Type out the whole listing again exactly, pictures omitted.

## Data extract
+-------+
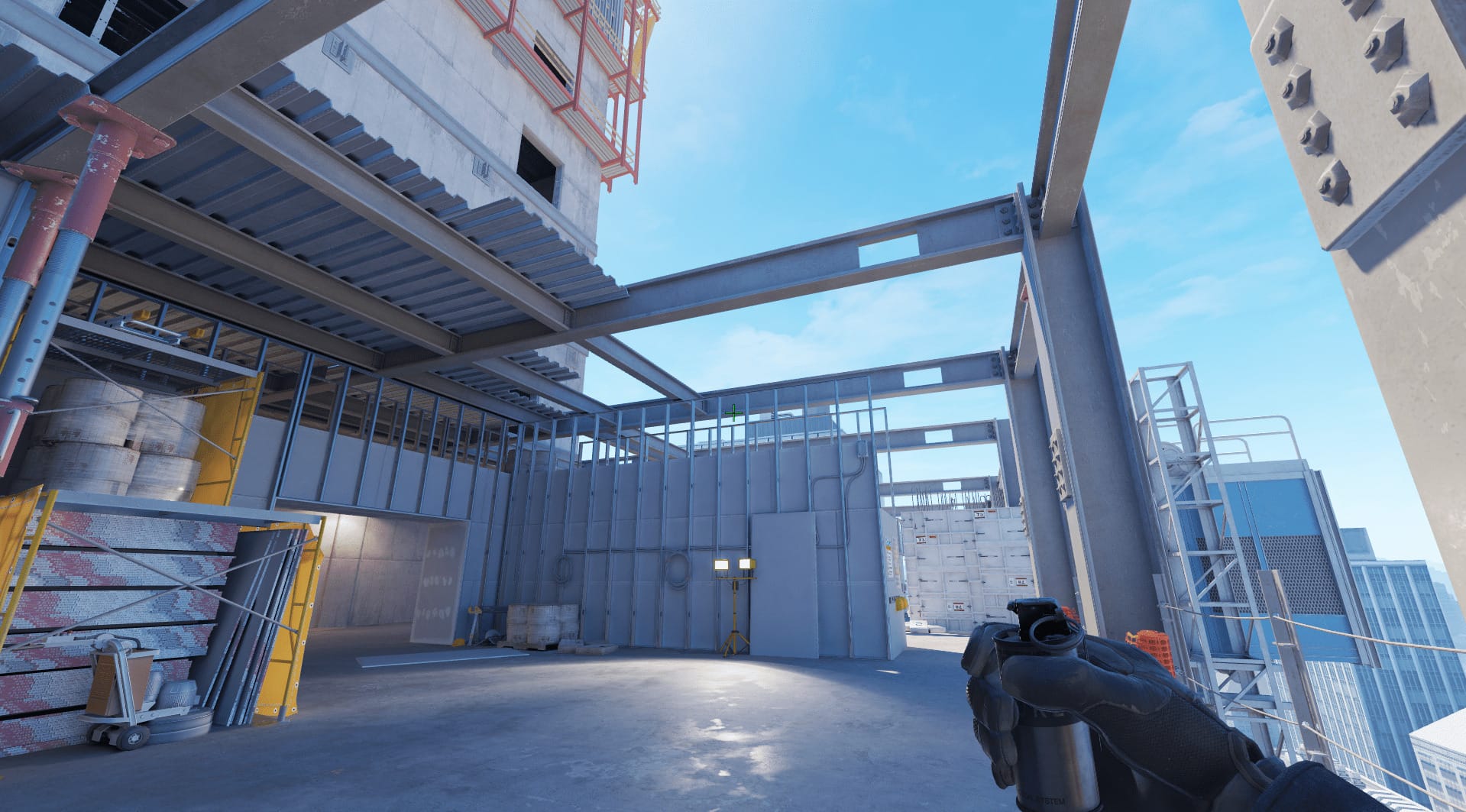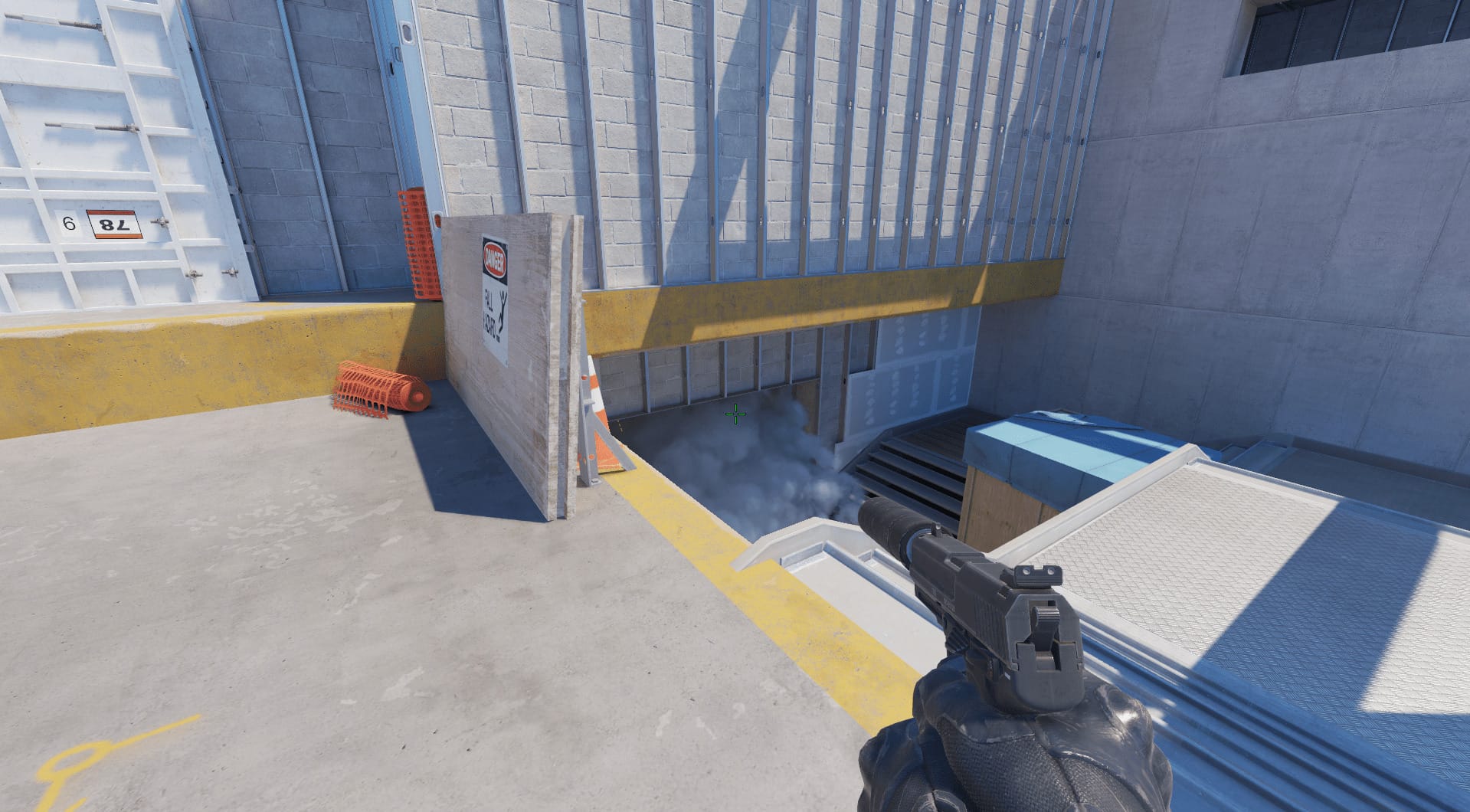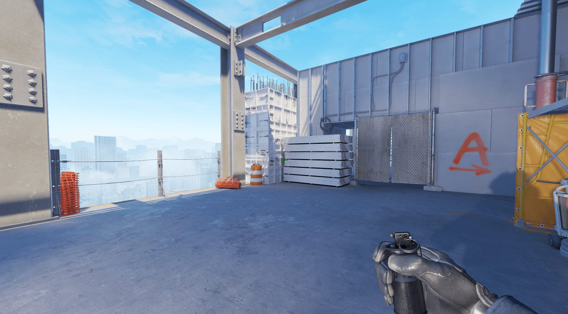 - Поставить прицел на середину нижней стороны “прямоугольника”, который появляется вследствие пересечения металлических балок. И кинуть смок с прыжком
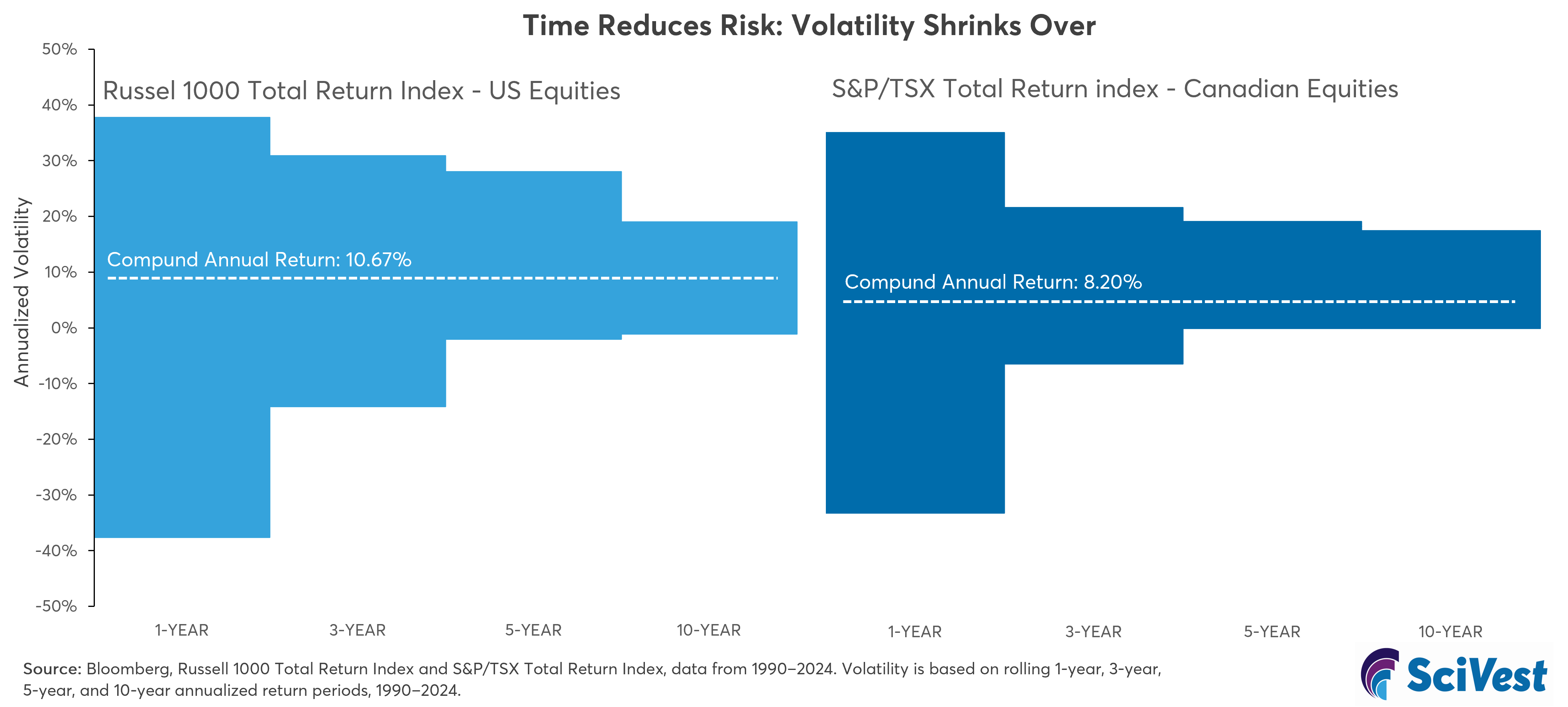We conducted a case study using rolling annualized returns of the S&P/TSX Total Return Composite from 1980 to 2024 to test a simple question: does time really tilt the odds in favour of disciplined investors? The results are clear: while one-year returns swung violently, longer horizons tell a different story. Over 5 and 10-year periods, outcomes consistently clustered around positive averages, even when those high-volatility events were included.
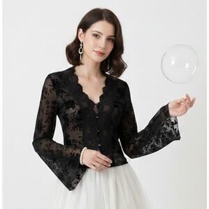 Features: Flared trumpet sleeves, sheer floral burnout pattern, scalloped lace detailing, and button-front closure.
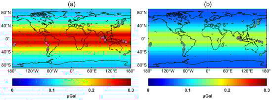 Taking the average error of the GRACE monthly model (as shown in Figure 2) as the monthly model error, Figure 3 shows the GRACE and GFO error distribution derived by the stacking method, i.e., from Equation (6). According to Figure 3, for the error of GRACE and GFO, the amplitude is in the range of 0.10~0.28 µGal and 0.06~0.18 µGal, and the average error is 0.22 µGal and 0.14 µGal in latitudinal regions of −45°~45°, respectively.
+-------+
## The answer
 - Поставить прицел на середину нижней стороны “прямоугольника”, который появляется вследствие пересечения металлических балок. И кинуть смок с прыжком
We conducted a case study using rolling annualized returns of the S&P/TSX Total Return Composite from 1980 to 2024 to test a simple question: does time really tilt the odds in favour of disciplined investors? The results are clear: while one-year returns swung violently, longer horizons tell a different story. Over 5 and 10-year periods, outcomes consistently clustered around positive averages, even when those high-volatility events were included.
 Features: Flared trumpet sleeves, sheer floral burnout pattern, scalloped lace detailing, and button-front closure.
 Taking the average error of the GRACE monthly model (as shown in Figure 2) as the monthly model error, Figure 3 shows the GRACE and GFO error distribution derived by the stacking method, i.e., from Equation (6). According to Figure 3, for the error of GRACE and GFO, the amplitude is in the range of 0.10~0.28 µGal and 0.06~0.18 µGal, and the average error is 0.22 µGal and 0.14 µGal in latitudinal regions of −45°~45°, respectively.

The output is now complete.